Computer Graphics & Geometry

Clustering for Data Reduction and Approximation

T. Schreiber
University of Kaiserslautern, Department of Computer Science

6750 Kaiserslautern, Germany

Tel.: +49 (631) 205 2887

FAX: +49 (631) 205 3270


Contents
Abstracts: This paper describes a solution to the following problem: Given a large set of arbitrarily distributed and weighted data points, find a much smaller set of cluster center points, which minimizes the sum of the squared distances between each data point and the nearest cluster center point. The weight of each data point may be chosen by the user depending on the importance or correctness of that point. An efficient clustering algorithm using local procedures on Voronoi diagrams is introduced. At the same time the method produces hierarchical Delaunay triangulations of the data points at different degrees of accuracy.

Key words: approximation; clustering algorithm; data reduction; Delaunay triangulation; hierarchical representation; Voronoi diagram.

1. Introduction

Clustering means grouping of similar objects by minimizing a certain criterion function or other object dependent properties. Clustering techniques are very common and useful in many applications, like data analysis, data reduction, digital image processing, pattern recognition and computer graphics. In the past many algorithms have been developed [1]. Heckbert [2] introduced the median-cut algorithm for color reduction in computer graphics which subdivided the RGB color space recursively by hyperplanes through the median and perpendicular to the coordinate axis with the greatest expansion. The mean-split algorithm from Wu and Witten [3] chooses the partitioning point to be the mean rather than the median. Wan, Wong and Prusinkiewicz [4] compute an optimal cut point for each axis, and subdivide the data set by a hyperplane perpendicular to that axis, on which the overall reduction of expected variance is the largest among all projected distributions.

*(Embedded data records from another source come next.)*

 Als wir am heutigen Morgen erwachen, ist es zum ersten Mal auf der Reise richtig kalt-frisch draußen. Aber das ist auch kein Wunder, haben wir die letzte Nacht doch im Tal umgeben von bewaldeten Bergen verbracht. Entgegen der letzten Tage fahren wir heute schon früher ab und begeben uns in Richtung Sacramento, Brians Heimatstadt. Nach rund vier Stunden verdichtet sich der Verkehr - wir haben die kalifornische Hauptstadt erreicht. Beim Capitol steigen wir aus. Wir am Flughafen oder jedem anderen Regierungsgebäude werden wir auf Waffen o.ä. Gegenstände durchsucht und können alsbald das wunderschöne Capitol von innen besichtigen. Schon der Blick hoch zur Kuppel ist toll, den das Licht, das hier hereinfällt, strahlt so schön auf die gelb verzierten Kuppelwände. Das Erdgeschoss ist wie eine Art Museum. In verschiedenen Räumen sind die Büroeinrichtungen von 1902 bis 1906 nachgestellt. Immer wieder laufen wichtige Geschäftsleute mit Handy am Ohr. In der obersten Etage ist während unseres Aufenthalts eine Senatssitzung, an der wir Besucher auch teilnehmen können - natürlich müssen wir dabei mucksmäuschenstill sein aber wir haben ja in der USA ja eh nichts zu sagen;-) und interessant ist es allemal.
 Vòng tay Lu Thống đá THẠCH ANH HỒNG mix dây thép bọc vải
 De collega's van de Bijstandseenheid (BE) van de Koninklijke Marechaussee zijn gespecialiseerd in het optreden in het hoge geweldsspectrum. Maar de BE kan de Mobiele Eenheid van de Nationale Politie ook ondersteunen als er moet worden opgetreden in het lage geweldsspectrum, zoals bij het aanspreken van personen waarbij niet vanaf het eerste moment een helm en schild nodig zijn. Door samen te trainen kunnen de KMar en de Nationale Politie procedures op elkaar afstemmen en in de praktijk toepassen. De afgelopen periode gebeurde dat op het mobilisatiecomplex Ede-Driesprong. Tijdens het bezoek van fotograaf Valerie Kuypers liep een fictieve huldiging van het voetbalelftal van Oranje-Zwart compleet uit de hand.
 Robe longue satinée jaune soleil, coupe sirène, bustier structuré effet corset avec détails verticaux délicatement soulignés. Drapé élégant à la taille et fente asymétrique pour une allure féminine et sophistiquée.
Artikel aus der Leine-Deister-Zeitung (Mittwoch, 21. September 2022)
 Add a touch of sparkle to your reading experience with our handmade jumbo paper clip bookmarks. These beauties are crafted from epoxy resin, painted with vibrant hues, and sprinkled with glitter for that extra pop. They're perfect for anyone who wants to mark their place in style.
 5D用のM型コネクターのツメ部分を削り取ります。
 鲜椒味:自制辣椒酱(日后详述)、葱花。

A comparison of these three algorithms is also given in [4]. The knot selection algorithm from Franke and McMahon [5],[6] uses the k-means method

which is reviewed in Section 3. They determine the cluster with the most and the least numbers of data points and move their cluster center points towards each other until all clusters contain approximately the same number of data points. Dierks [7] extended this method to three dimensions.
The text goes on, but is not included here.